Luke 8:25 - Sermon Bible Commentary

Bible Comments

Luke 8:25

The question before us has in it a wild sublimity. The waves had just found their resting-place; the wind was gone back into its treasure-house; and our Saviour stood upon the calm, and seemed to say, "The fierce enemies have been and gone, but where is your faith?"

I. Everybody has faith. To have a trust in something is so natural, that I could almost say it is indispensable to human nature. There are faculties and principles of the human heart which must cling. Every man, however independent he thinks himself, is constituted to have some feeling in him which goes forth which is as the creeper that creeps over your door, or as the vine which is wedded to the air. Those feelings made to twine may trail in the dust; those affections made to mount may often trail down like withered, disappointed things; they may grasp that which will never bear, or drive to that which sends back poison and death where we had looked for sustenance. Is our faith in the First Great Source? or is it in second causes?

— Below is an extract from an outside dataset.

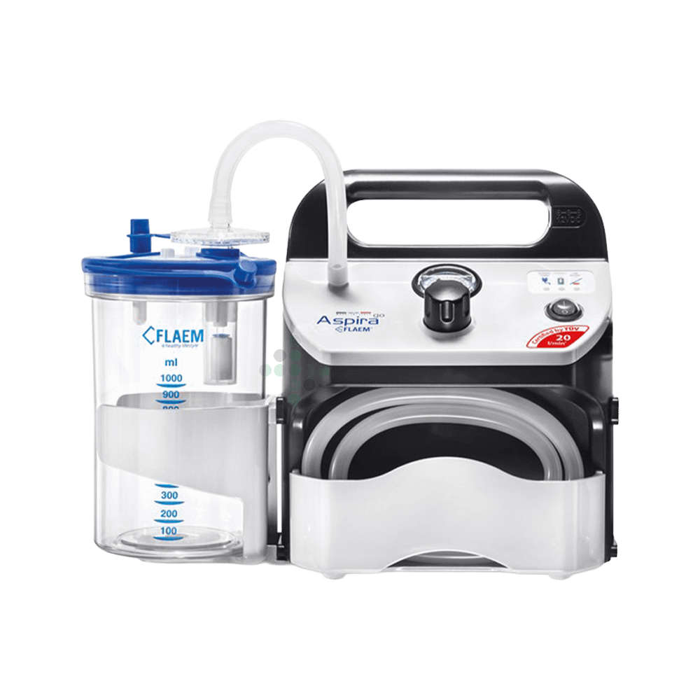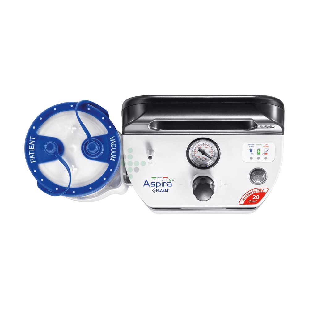 FLAEM Aspira GO 20 je kompaktní a lehký přenosný extraktor na baterie určený pro nemocnice, ambulance, terénní nebo domácí použití. Díky výkonným a snadno vyměnitelným lithiovým bateriím je přístroj zcela mobilní a připravený k okamžitému nasazení.

II. Trusting to second causes is sheer idolatry. It is the essential of God that He is final; what is final is made God. There is many an idolater in heathenism who never looks upon his wretched idol, but his thoughts are led to that invisible being that the idol represents. Those who look at second causes and do not look at the First Cause are greater idolaters than the heathen. Look at our marts of commerce, look at our great assemblies, look at our great entertainments, look at our churches, and say is it not so. Are not instruments being looked at as if they were all-effective causes? What remains for a jealous God but to scatter second causes which have been elevated into a supremacy which belongs only to Him? The winds that came down upon the Sea of Galilee were but as strings in the hands of God, causing the waves to become tempestuous; and you who go up and down trusting to that which is wise in man and beautiful in nature, beware! lest presently your bright prospect gets beclouded, and a more fearful storm than that which swept over the angry sea come into your heart, to teach you to have no confidence anywhere but in God, and to look up from the dangers of this disappointing world to Him who only sits at the helm of all, and cry to Him, "Master, Master, we perish!"

J. Vaughan, Fifty Sermons,1874, p. 189.

References: Luke 8:25. F. W. Farrar, Christian World Pulpit,vol. xxxi., p. 253.Luke 8:28. Spurgeon, Sermons,vol. xiii., No. 778. Luke 8:34. R. Heber, Parish Sermons,vol. i., p. 160.

Luke 8:25

25 And he said unto them,Where is your faith? And they being afraid wondered, saying one to another, What manner of man is this! for he commandeth even the winds and water, and they obey him.